A distribution server makes it possible for your organization to expose a limited set of content and history to third parties without needing to provide direct access to your main server. We expect that distribution servers will be deployed in a publicly accessible network with no means of communication to the internal server, effectively air-gapping the third party users from the internal network.

This topic assumes you have read the Guidelines for setting up multi-server services

Flow of data

  1. An internal server uses p4 push to push content to the distribution server, which is located in a DMZ. The distribution server does not accept p4 submit.

  2. (Optional) The content on the distribution server can be replicated to one or more edge servers in the DMZ.

    Replicas of distribution servers can be created. For example, edge servers of the distribution server can be created in geographically distributed locations to provide lower latency sync's to third parties that are far away from the distribution server.

  3. The external consumers use p4 sync to take the code drops.

Prerequisites

  • Helix Core Server 2023.1 (or later)

  • License to use the Distribution Server. Distribution Server is a new feature released at the same time as the 2023.1 release of Helix Core Server. To purchase a Distribution Server license, contact your Perforce account representative.

Security considerations

  • Standard "protections" functionality within Helix Core secures the content on the target server.

  • The internal server must be able to connect to the distribution server to push additional content.

  • No detailed user information is exposed from the source to the target because the users and groups that are defined on the target server are independent of the source server.

  • Changelist metadata is exposed.

Setting up the Distribution Server

Important

The steps on this page assume you have logged into the server as the Helix Core user with the access level of super. See Permission levels and access rights in the p4 protect topic of Helix Core Command-Line (P4) Reference. That user can have any name, but for convenience the examples use super:

p4 -u super login

  1. Decide which content you want to push to the Distribution Server.

  2. Decide your business rule for change numbers.

    • Without setting up a Centralized changelist server (P4CHANGE) server, only p4 push can create new changelists and the external consumers only need list permission. See Set protections with p4 protect.

    • With a centralized changelist server, external consumers can create pending changes but it is your responsibility to manage the protections table so only the appropriate users have access.

  3. Get a license for the Distribution Server by contacting your Helix Core account representative and indicating the number of Distribution Server users.

  4. Start a new server after copying the Distribution Server license file into P4ROOT.

  5. Create a server spec with Services: distribution-server (see p4 server in Helix Core Command-Line (P4) Reference)

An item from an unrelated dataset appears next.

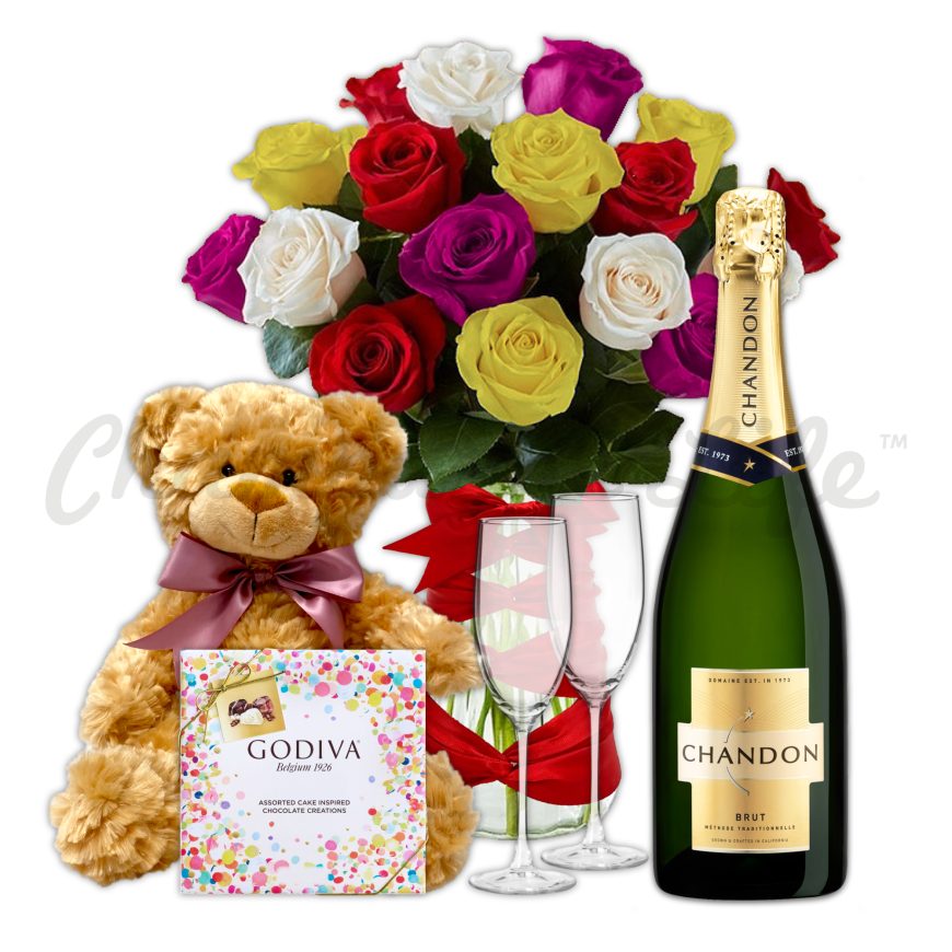Celebrate a birthday the right way with the Birthday Celebration Gift Package. The Birthday Celebration Gift Package features a colorful rose bouquet, paired with Chandon Brut Champagne. Our luxurious flower arrangements are perfect for birthday gifts, wedding gifts, graduation gifts, and anniversary gifts. To design your own custom flower arrangement or custom flower bouquet, complete the CUSTOM ORDER FORM and we will get back to you within 24 hours.

  6. Set the Distribution Server to use that server spec using p4 -u super serverid DIST-SERVER-SPEC-NAME

  7. (Optional) If you want to preserve change numbers for content pushed to the distribution server, run
    p4 -u super configure set DIST-SERVER-SPEC-NAME#dm.fetch.preservechangenumbers=1

  8. Allow the Distribution Server to accept push using p4 -u super configure set DIST-SERVER-SPEC-NAME#server.allowpush=2

  9. On the internal commit server,

    1. Run p4 -u super configure set COMMIT-SERVER-SPEC-NAME#server.allowpush=1 if this configurable is not already set to a higher value.

    2. Create a remote spec for the Distribution Server. (See the p4 remote command.)

    3. Change the Address field of the remote spec to match the address and port for the Distribution Server.

    4. Run p4 push to the Distribution Server by using the remote spec. This might be a manual operation, scripted as a cron job, or part of continuous integration.